*The data:*
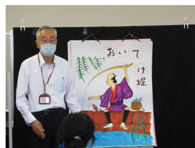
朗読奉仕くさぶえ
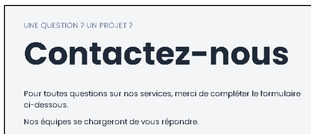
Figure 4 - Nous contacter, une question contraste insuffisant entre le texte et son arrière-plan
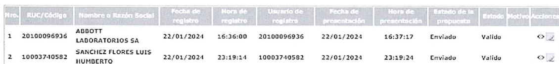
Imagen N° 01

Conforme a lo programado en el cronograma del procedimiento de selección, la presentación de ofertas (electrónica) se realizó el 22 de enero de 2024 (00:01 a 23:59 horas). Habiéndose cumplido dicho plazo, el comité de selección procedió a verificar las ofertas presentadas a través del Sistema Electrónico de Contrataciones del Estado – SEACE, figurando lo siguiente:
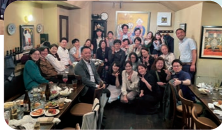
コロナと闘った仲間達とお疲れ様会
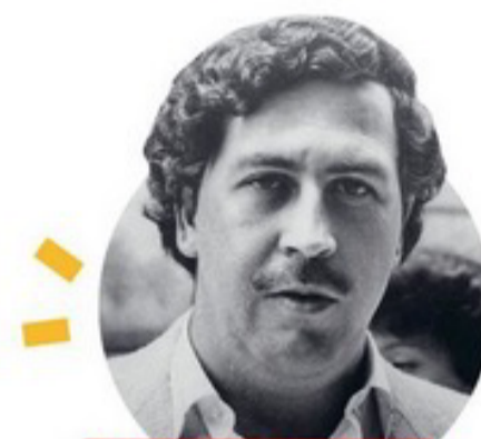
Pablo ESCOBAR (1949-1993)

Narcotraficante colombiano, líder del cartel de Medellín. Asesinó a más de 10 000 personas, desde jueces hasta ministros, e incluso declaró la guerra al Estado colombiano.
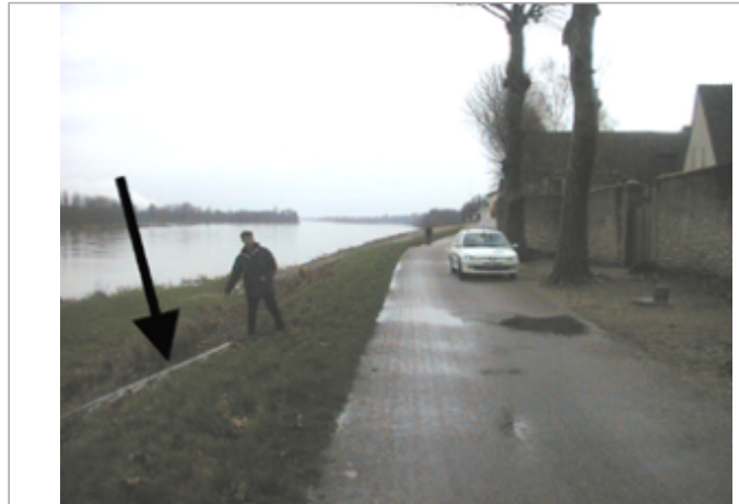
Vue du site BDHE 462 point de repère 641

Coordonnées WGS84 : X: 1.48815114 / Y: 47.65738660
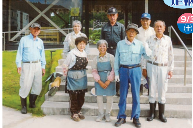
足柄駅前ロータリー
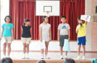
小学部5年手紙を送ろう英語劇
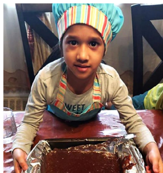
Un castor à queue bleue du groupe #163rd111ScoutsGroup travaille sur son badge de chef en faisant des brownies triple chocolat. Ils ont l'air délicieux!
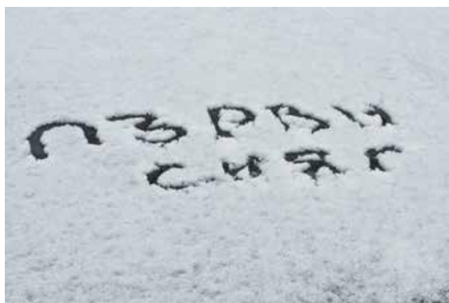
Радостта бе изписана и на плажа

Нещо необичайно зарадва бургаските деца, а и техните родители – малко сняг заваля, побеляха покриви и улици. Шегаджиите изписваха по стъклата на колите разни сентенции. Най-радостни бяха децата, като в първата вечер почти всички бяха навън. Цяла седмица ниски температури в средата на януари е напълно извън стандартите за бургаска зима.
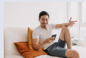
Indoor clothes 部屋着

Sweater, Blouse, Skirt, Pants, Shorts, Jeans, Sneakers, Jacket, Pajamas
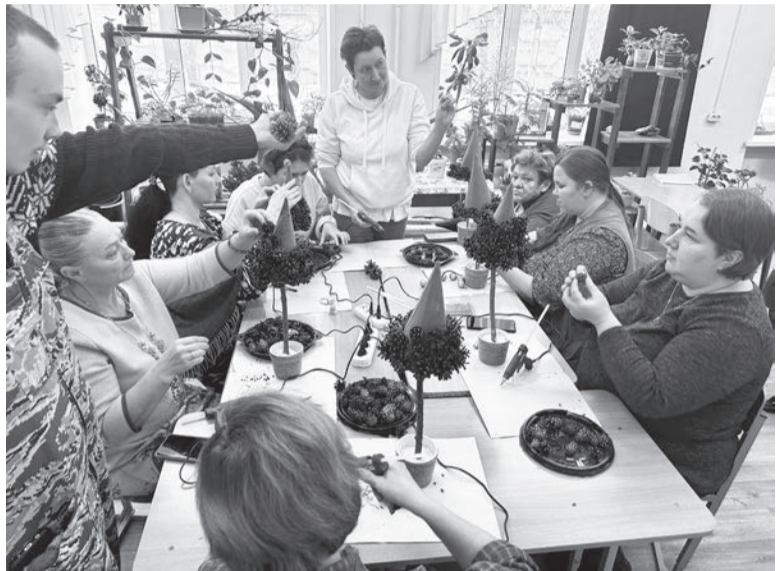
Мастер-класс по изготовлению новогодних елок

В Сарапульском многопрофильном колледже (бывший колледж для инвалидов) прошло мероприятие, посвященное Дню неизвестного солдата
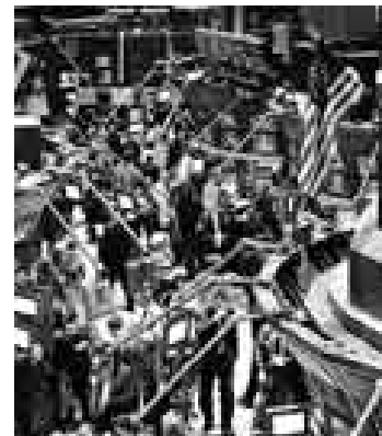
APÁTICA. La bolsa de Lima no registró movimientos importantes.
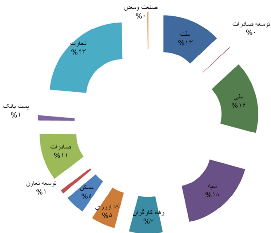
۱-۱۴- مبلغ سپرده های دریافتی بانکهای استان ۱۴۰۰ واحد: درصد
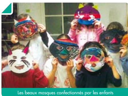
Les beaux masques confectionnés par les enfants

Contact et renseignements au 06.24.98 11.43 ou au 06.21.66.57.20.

*Exercise brief:* For each line of the entries that includes "Estado", show that line.

*Output for this task:*
Conforme a lo programado en el cronograma del procedimiento de selección, la presentación de ofertas (electrónica) se realizó el 22 de enero de 2024 (00:01 a 23:59 horas). Habiéndose cumplido dicho plazo, el comité de selección procedió a verificar las ofertas presentadas a través del Sistema Electrónico de Contrataciones del Estado – SEACE, figurando lo siguiente:
Narcotraficante colombiano, líder del cartel de Medellín. Asesinó a más de 10 000 personas, desde jueces hasta ministros, e incluso declaró la guerra al Estado colombiano.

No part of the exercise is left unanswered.